Inside examples/run.py, add a for loop to the generation.

for _ in range(3): # THIS IS THE ONLY CHANGE
        with torch.no_grad():
            outputs = runner.generate(
                batch_input_ids=decoder_input_ids
                if is_enc_dec else batch_input_ids,
                encoder_input_ids=encoder_input_ids if is_enc_dec else None,
                encoder_input_features=encoder_input_features
                if is_enc_dec else None,
                encoder_output_lengths=encoder_output_lengths
                if is_enc_dec else None,
                max_new_tokens=args.max_output_len,
                max_attention_window_size=args.max_attention_window_size,
                sink_token_length=args.sink_token_length,
                end_id=end_id,
                pad_id=pad_id,
                temperature=args.temperature,
                top_k=args.top_k,
                top_p=args.top_p,
                num_beams=args.num_beams,
                length_penalty=args.length_penalty,
                early_stopping=args.early_stopping,
                repetition_penalty=args.repetition_penalty,
                presence_penalty=args.presence_penalty,
                frequency_penalty=args.frequency_penalty,
                stop_words_list=stop_words_list,
                bad_words_list=bad_words_list,
                output_cum_log_probs=(args.output_cum_log_probs_npy != None),
                output_log_probs=(args.output_log_probs_npy != None),
                random_seed=args.random_seed,
                lora_uids=args.lora_task_uids,
                prompt_table=args.prompt_table_path,
                prompt_tasks=args.prompt_tasks,
                streaming=args.streaming,
                output_sequence_lengths=True,
                no_repeat_ngram_size=args.no_repeat_ngram_size,
                return_dict=True,
                medusa_choices=args.medusa_choices,
                return_all_generated_tokens=args.return_all_generated_tokens,
                input_token_extra_ids=input_token_extra_ids)

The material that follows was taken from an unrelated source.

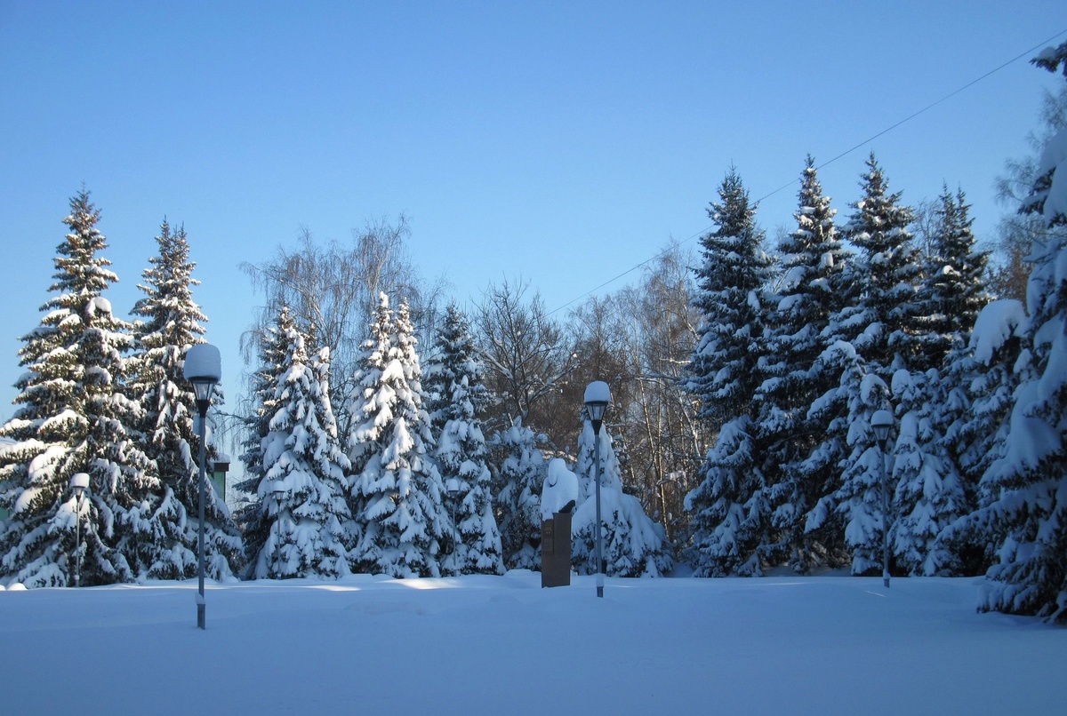 Сквер у бюста лётчика-космонавта, дважды Героя СССР Валерия Кубасова в солнечный февральский день. Фото 03.02.2026

            torch.cuda.synchronize()

        if args.streaming:
            for curr_outputs in throttle_generator(outputs,
                                                   args.streaming_interval):
                if runtime_rank == 0:
                    output_ids = curr_outputs['output_ids']

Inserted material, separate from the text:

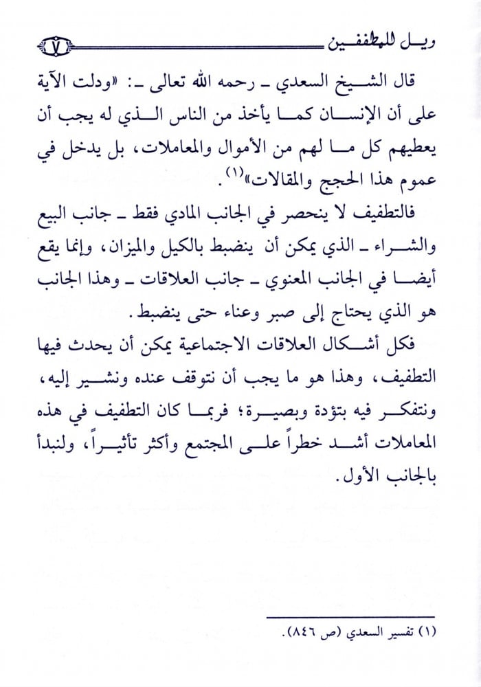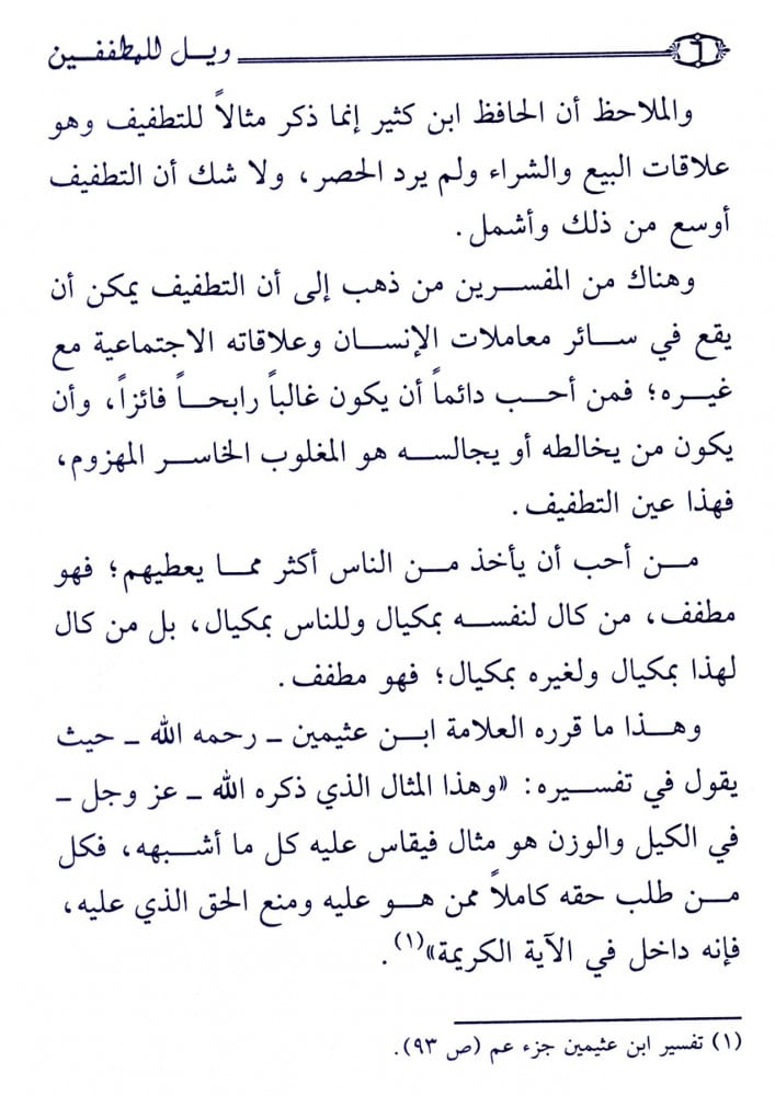 فكل أشكال العلاقات الاجتماعية يمكن أن يحدث فيها التطفيف، وهذا هو ما يجب أن نتوقف عنده ونشير إليه، ونتفكر فيه بتؤدة وبصيرة؛ فربما كان التطفيف في هذه المعاملات أشد خطراً على المجتمع وأكثر تأثيراً.

                    sequence_lengths = curr_outputs['sequence_lengths']
                    cum_log_probs = None
                    log_probs = None
                    if args.output_cum_log_probs_npy != None:
                        cum_log_probs = outputs['cum_log_probs']

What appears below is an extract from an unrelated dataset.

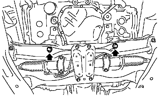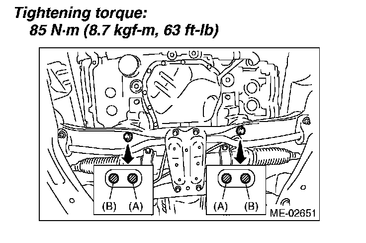 7. Tighten the nuts which install front cushion rubber onto front crossmember.

                    if args.output_log_probs_npy != None:
                        log_probs = outputs['log_probs']
                    print_output(
                        tokenizer,
                        output_ids,
                        input_lengths,
                        sequence_lengths,
                        output_csv=args.output_csv,
                        output_npy=args.output_npy,
                        cum_log_probs=cum_log_probs,
                        log_probs=log_probs,
                        output_cum_log_probs_npy=args.output_cum_log_probs_npy,
                        output_log_probs_npy=args.output_log_probs_npy)
        else:
            if runtime_rank == 0:
                output_ids = outputs['output_ids']
                sequence_lengths = outputs['sequence_lengths']
                context_logits = None
                generation_logits = None
                cum_log_probs = None
                log_probs = None
                if runner.gather_context_logits:
                    context_logits = outputs['context_logits']
                if runner.gather_generation_logits:
                    generation_logits = outputs['generation_logits']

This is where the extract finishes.